**What you are asked to do**
Return all of the data exactly, with nothing left out but the pictures.

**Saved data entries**
- Opening Delimiter -

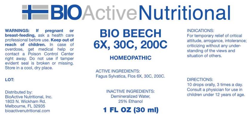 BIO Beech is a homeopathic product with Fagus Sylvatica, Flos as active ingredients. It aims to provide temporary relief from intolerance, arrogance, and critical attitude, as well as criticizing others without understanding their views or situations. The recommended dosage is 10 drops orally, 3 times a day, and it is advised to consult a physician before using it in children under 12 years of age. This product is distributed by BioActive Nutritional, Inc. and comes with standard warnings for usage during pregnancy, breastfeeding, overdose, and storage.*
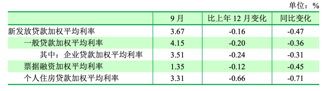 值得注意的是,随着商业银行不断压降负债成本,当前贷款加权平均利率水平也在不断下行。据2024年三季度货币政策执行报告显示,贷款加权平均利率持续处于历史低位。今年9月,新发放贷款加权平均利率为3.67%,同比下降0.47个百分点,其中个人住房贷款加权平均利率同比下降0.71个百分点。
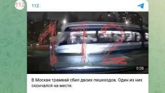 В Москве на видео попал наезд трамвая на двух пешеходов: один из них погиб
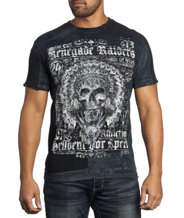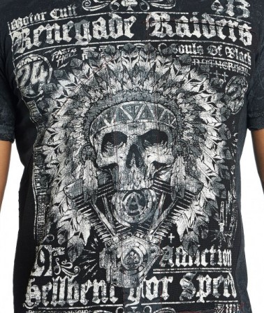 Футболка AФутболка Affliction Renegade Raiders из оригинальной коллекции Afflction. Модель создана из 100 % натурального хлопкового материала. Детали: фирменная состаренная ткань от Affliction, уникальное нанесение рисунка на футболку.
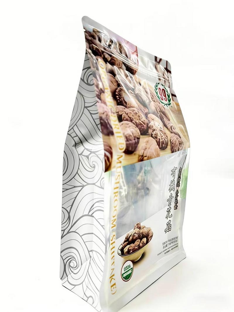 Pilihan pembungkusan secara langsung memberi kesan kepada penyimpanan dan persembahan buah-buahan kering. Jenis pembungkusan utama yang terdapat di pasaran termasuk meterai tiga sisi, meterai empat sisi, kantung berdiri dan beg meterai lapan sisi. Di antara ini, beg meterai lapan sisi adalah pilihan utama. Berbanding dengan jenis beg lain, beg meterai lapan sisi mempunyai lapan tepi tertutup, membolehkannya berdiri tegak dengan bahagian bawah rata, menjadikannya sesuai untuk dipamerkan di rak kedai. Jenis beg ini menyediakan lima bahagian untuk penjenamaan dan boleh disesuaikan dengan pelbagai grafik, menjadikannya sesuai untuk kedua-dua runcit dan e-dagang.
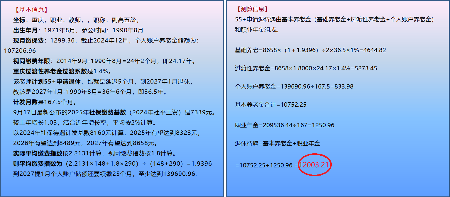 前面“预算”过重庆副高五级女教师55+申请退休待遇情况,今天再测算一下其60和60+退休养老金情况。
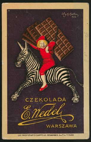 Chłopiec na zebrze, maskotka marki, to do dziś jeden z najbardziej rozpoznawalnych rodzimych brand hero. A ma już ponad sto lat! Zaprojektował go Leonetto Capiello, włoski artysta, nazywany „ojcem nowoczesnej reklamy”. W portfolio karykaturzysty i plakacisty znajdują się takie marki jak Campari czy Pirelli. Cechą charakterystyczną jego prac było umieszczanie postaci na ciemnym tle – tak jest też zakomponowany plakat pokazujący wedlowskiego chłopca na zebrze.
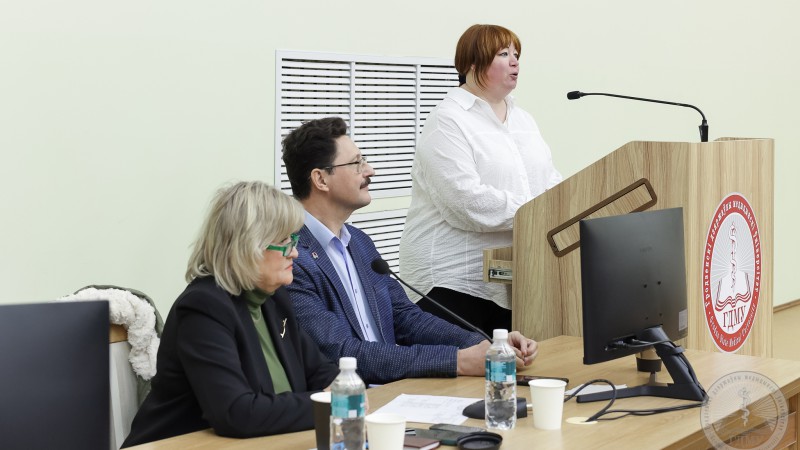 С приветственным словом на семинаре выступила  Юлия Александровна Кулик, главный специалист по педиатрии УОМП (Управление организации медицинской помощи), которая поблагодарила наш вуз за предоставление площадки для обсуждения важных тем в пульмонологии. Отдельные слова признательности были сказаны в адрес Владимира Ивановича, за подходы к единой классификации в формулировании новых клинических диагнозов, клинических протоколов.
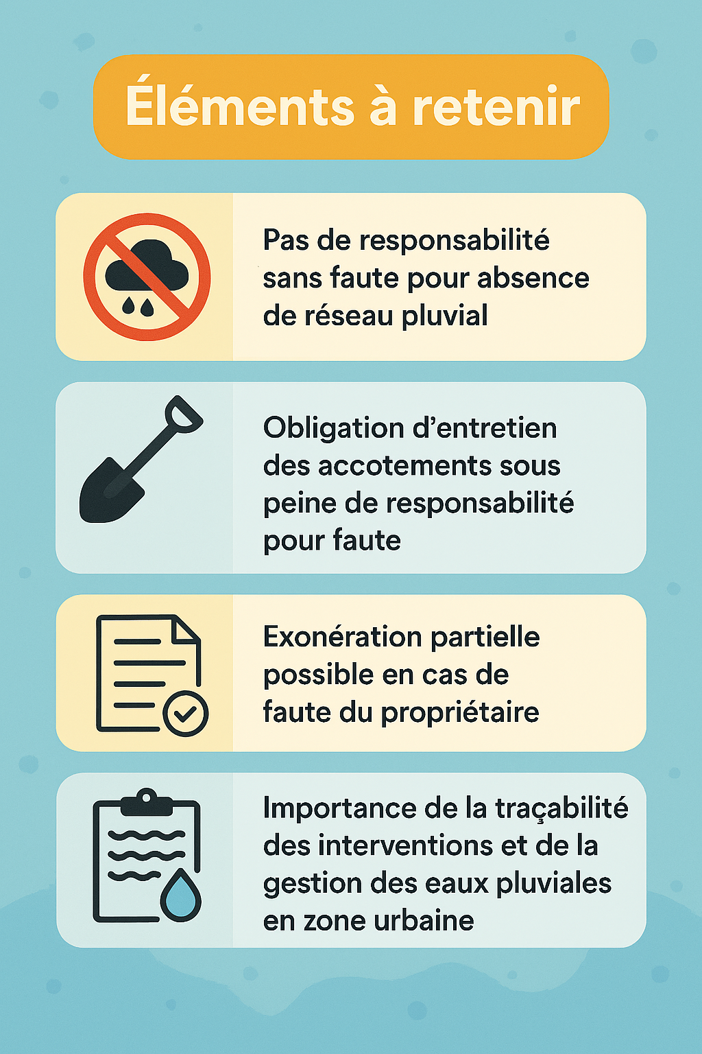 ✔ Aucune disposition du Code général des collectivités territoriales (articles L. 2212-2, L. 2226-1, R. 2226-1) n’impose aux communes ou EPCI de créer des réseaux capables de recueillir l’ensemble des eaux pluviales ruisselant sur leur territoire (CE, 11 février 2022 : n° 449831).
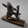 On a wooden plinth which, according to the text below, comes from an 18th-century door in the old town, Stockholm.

- Closing Delimiter -

**Exercise answer**
 BIO Beech is a homeopathic product with Fagus Sylvatica, Flos as active ingredients. It aims to provide temporary relief from intolerance, arrogance, and critical attitude, as well as criticizing others without understanding their views or situations. The recommended dosage is 10 drops orally, 3 times a day, and it is advised to consult a physician before using it in children under 12 years of age. This product is distributed by BioActive Nutritional, Inc. and comes with standard warnings for usage during pregnancy, breastfeeding, overdose, and storage.*
 值得注意的是,随着商业银行不断压降负债成本,当前贷款加权平均利率水平也在不断下行。据2024年三季度货币政策执行报告显示,贷款加权平均利率持续处于历史低位。今年9月,新发放贷款加权平均利率为3.67%,同比下降0.47个百分点,其中个人住房贷款加权平均利率同比下降0.71个百分点。
 В Москве на видео попал наезд трамвая на двух пешеходов: один из них погиб
 Футболка AФутболка Affliction Renegade Raiders из оригинальной коллекции Afflction. Модель создана из 100 % натурального хлопкового материала. Детали: фирменная состаренная ткань от Affliction, уникальное нанесение рисунка на футболку.
 Pilihan pembungkusan secara langsung memberi kesan kepada penyimpanan dan persembahan buah-buahan kering. Jenis pembungkusan utama yang terdapat di pasaran termasuk meterai tiga sisi, meterai empat sisi, kantung berdiri dan beg meterai lapan sisi. Di antara ini, beg meterai lapan sisi adalah pilihan utama. Berbanding dengan jenis beg lain, beg meterai lapan sisi mempunyai lapan tepi tertutup, membolehkannya berdiri tegak dengan bahagian bawah rata, menjadikannya sesuai untuk dipamerkan di rak kedai. Jenis beg ini menyediakan lima bahagian untuk penjenamaan dan boleh disesuaikan dengan pelbagai grafik, menjadikannya sesuai untuk kedua-dua runcit dan e-dagang.
 前面“预算”过重庆副高五级女教师55+申请退休待遇情况,今天再测算一下其60和60+退休养老金情况。
 Chłopiec na zebrze, maskotka marki, to do dziś jeden z najbardziej rozpoznawalnych rodzimych brand hero. A ma już ponad sto lat! Zaprojektował go Leonetto Capiello, włoski artysta, nazywany „ojcem nowoczesnej reklamy”. W portfolio karykaturzysty i plakacisty znajdują się takie marki jak Campari czy Pirelli. Cechą charakterystyczną jego prac było umieszczanie postaci na ciemnym tle – tak jest też zakomponowany plakat pokazujący wedlowskiego chłopca na zebrze.
 С приветственным словом на семинаре выступила  Юлия Александровна Кулик, главный специалист по педиатрии УОМП (Управление организации медицинской помощи), которая поблагодарила наш вуз за предоставление площадки для обсуждения важных тем в пульмонологии. Отдельные слова признательности были сказаны в адрес Владимира Ивановича, за подходы к единой классификации в формулировании новых клинических диагнозов, клинических протоколов.
 ✔ Aucune disposition du Code général des collectivités territoriales (articles L. 2212-2, L. 2226-1, R. 2226-1) n’impose aux communes ou EPCI de créer des réseaux capables de recueillir l’ensemble des eaux pluviales ruisselant sur leur territoire (CE, 11 février 2022 : n° 449831).
 On a wooden plinth which, according to the text below, comes from an 18th-century door in the old town, Stockholm.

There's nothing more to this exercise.